Thursday, July 1, 2010

Benefits of Transparency

I thought it would be helpful to consolidate a list of the primary benefits of web sites/services being transparent online. If there are any I missed, please leave a comment and I'll update the list:

Benefits of Transparency (for online websites and services)
1. Build trust with your users
2. Increase loyalty, reduce churn
3. Improve perception of your reliability
4. Reduce support costs
5. Control the message
6. Gain a competitive advantage
7. More time to focus on the actual problem
8. Reduce stress
9. Learn

See below for more detail...

1. Build trust with your users
Your users have a pretty low bar for how they expect to be treated. They basically expect you to screw them, hide information from them, and do the bare minimum to take their money. If you do something good for them, something unexpected like admit that you have problems proactively, and show your humanity, your users will develop a sense of trust for your service and your company. I believe that trust may be the most important asset you can earn on the web, especially if you deal things that are really important to your customers (e.g. money, email, photos, etc.).

Example: If the car company does a recall as soon as there is a hint of a problem, you trust them a lot more then if they are forced to do a recall after a number of deaths.

The more times you are proactive and admit to problems before you are caught, the stronger the sense of trust gets. If you are instead forced to admit your problems, or your customers complain before you tell them that you are aware of the problem, the harder it gets to convince them that you know what you are doing and that you care about the quality of the service.

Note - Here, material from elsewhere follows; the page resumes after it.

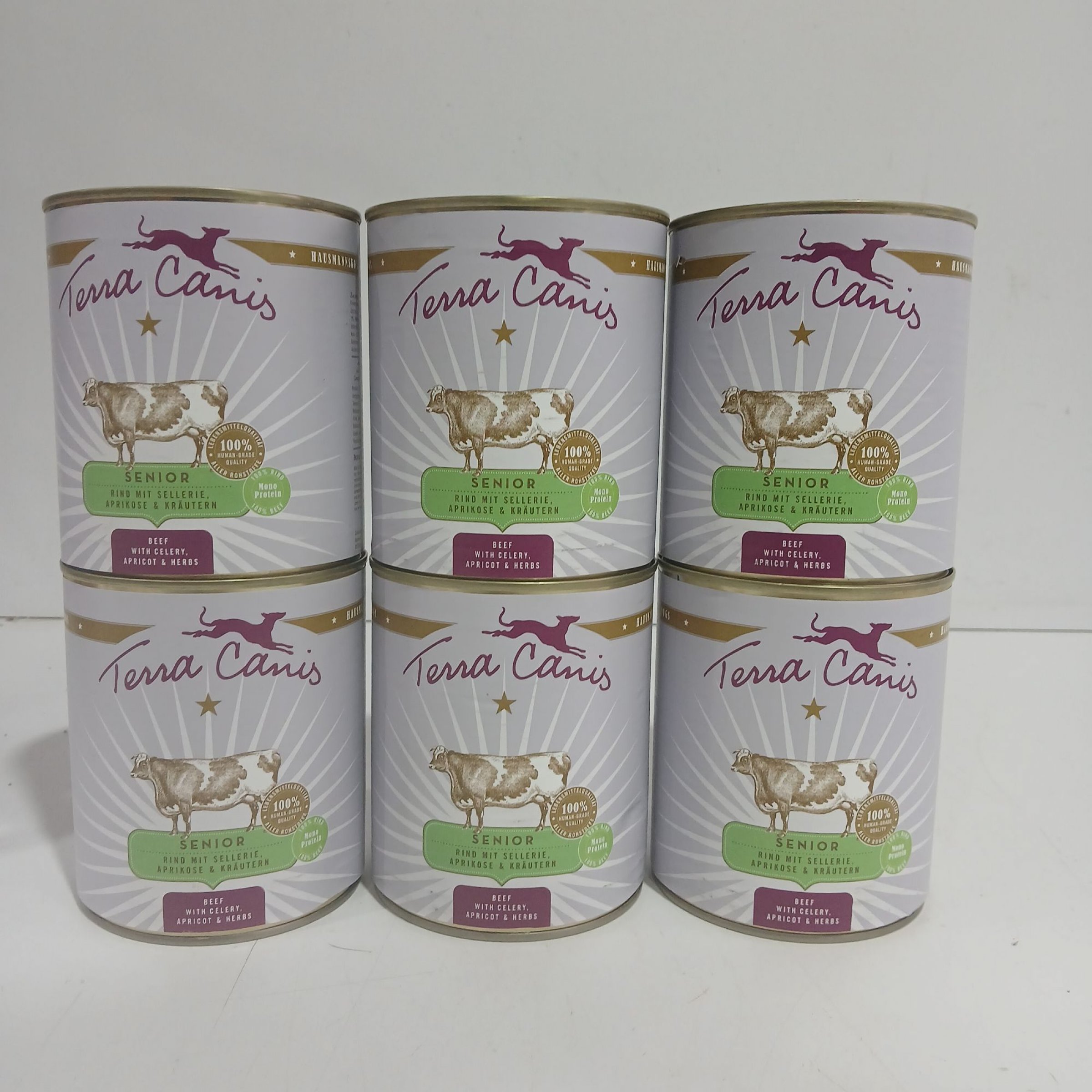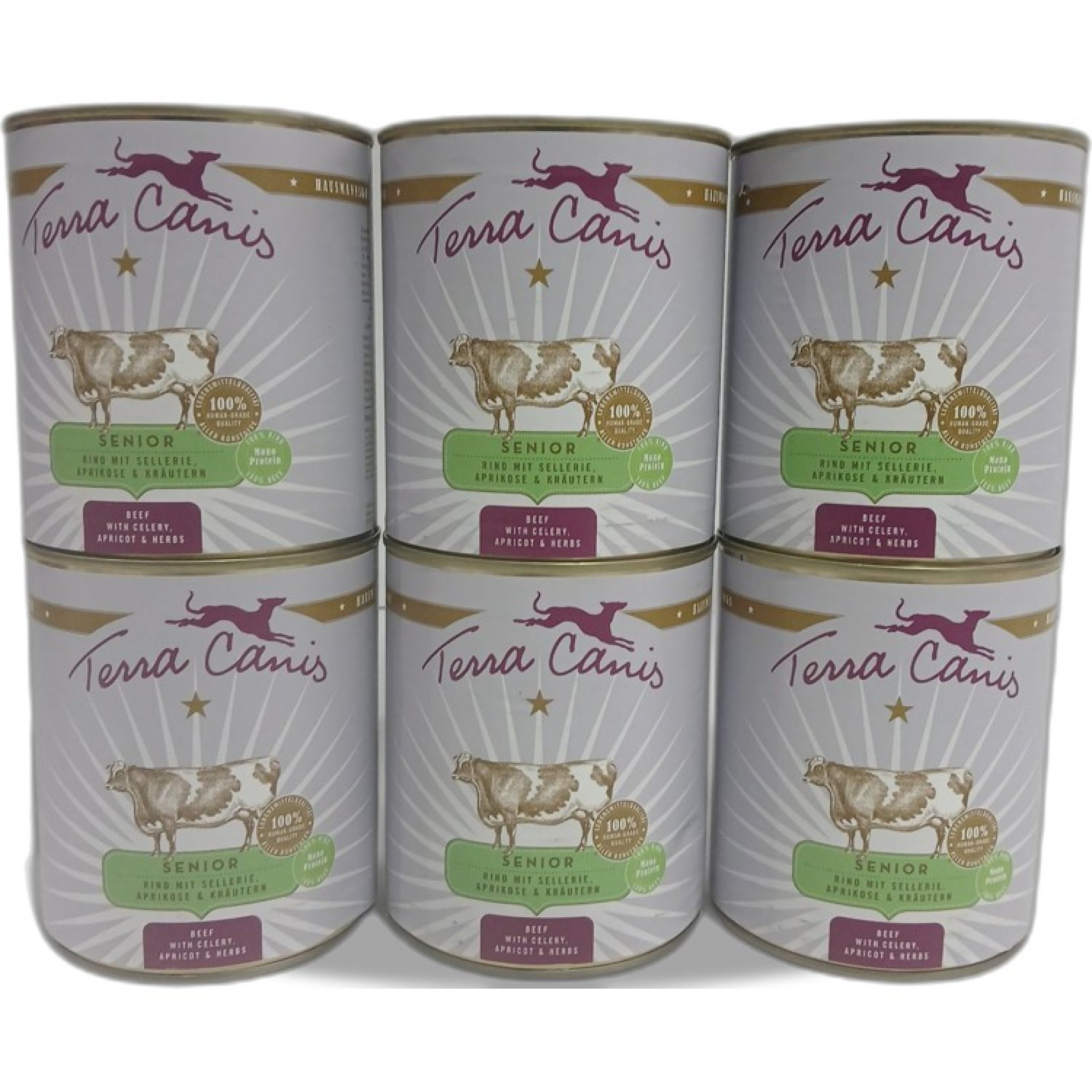 1 Packung Terra Canis Senior Hundefutter Beef with Celery, Apricot & Herbs 6x800g
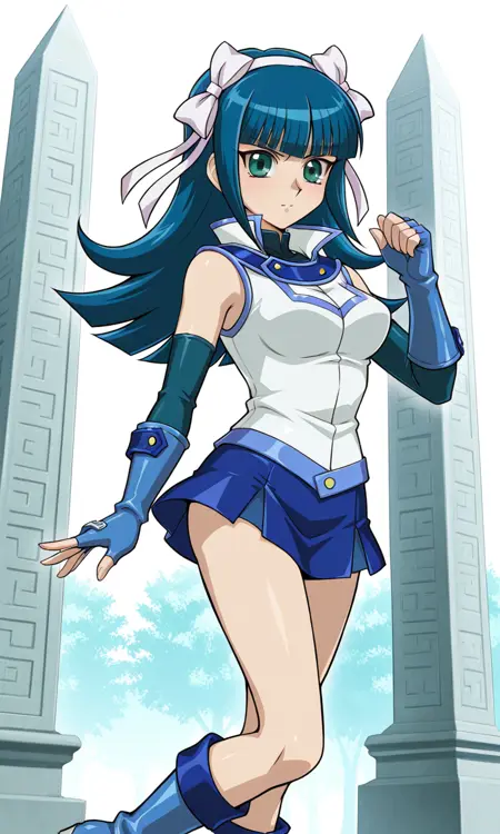 blue footwear, blue gloves, blue skirt, boots, Obelisk Blue, duel academy uniform (yu-gi-oh! gx), elbow gloves, fingerless gloves, gloves, jacket, miniskirt, skirt, sleeveless, sleeveless jacket, sleeveless shirt, white jacket, bare shoulders,

2. Increase loyalty, reduce churn
Your users don't expect you to be perfect. They will forgive you when you have a problem. But only if they feel that they can trust you, that you know what you are doing, and that things are improving. Your users will stick with you if they feel like you know what you are doing, that you feel their pain, that you are taking these issues seriously. Apologizing and explaining after the fact is much more difficult. It is hard to convince your customers that you know what you are doing and that you care about their issues if you avoid the problem, or worse pretend that it doesn't exist.

Example: Atlassian's security breach a few months ago...they could have lost a lot of concerned customers questioning their is trustworthy. Instead they increased loyalty and trust by being up front about the situation, explaining what they are doing about it, and improving for the future. If instead the issue was exposed independently, they would have seen a mass exodus.

A major downtime event is innately going to lead to unhappy customers. You may as well try to turn it around into something worthwhile, and try to keep as many customers as you can. A nice side benefit is that the more your users learn to trust you, the more loyal and forgiving they become. It's a powerful loop that you want to get on the right side of.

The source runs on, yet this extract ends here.